Is this relevant? https://github.com/CesiumGS/cesium-native/blob/99060d502b848dcb690e481cdf526216a81526b0/cmake/detect-vcpkg-triplet.cmake#L41-L44

lilleyse avatar Mar 20 '25 13:03 lilleyse

Can you link to your conversation with the Ada developers?

Definitely @kring https://github.com/ada-url/ada/issues/920

anonrig avatar Mar 20 '25 14:03 anonrig

Hi @Kring

Yes you are correct we are building inside docker on an arm64 mac. I had the same idea as you that maybe it was the compiler version. So I actually built GCC 14.2 in the container prior to raising this issue to verify it was not something silly (maybe i messed up here? the gcc build takes a long time so i just assumed it all worked lol). I think you are correct that it runs in a VM for x86_64 images. There are aarch64 images too though, which I found out after making this report!

I think what happens is that for instance the python base image may actually be an aarch64 image, so its not running as a VM with virtualization but native docker. So you get 'LINUX' and 'aarch64' instead of 'APPLE' and 'aarch64', and somehow this resolves down to matching x86 system processors when building in ada (maybe because of 'LINUX' we end up configuring 'x86_64' when building ada). However gcc goes this arch isn't x86 so these flags are not supported. Maybe this is what is going on? (10000 foot view, im not super familiar with cesiums build system)

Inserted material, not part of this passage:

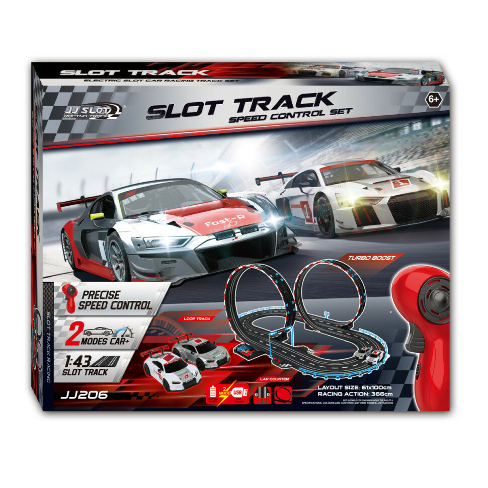 Гоночный автотрек JJ slot (2 машинки, 366 см, от сети, 1:43) - JJ206-1 информация:
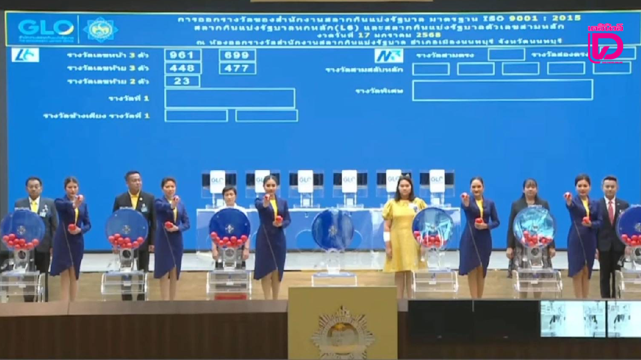 ขณะที่ผลการออกรางวัลงวดนี้ เลขหน้า 3 ตัว ได้แก่ 961 และ 699 รางวัลเลขท้าย 3 ตัว ได้แก่ 448 และ 477 รางวัลเลขท้าย 2 ตัว ออก 23 และรางวัลที่1 ออก 807779 ส่วนงวดหน้า ออกรางวัลที่สำนักงานสลากกินแบ่งรัฐบาลสนามบินน้ำ จ.นนทบุรี วันที่ 1 ก.พ. 68

In order to build cesium on arm in docker we have to set ENV VCPKG_FORCE_SYSTEM_BINARIES=1 - but i think this may have downstream affects of somehow getting x86 compiler flags when building ada.

Apologies for any confusion. It's very technical and reliant on a lot of moving parts (like even what arch the container is) and i've kinda been figuring it out as we go myself.

edit: so to be clear I think what may be happening is (@lilleyse pointed out! I think you are right)

 elseif(LINUX) 
     # Assuming x64 here isn't necessarily correct, but it's the only platform we officially support. 
     set(DETECTED_VCPKG_TRIPLET "x64-linux") 
 else() 

Maybe could be improved. because it can be linux && aarch64? The 'officially' support means you dont technically support this case, and thats fine, but it did work prior 🤷‍♂ .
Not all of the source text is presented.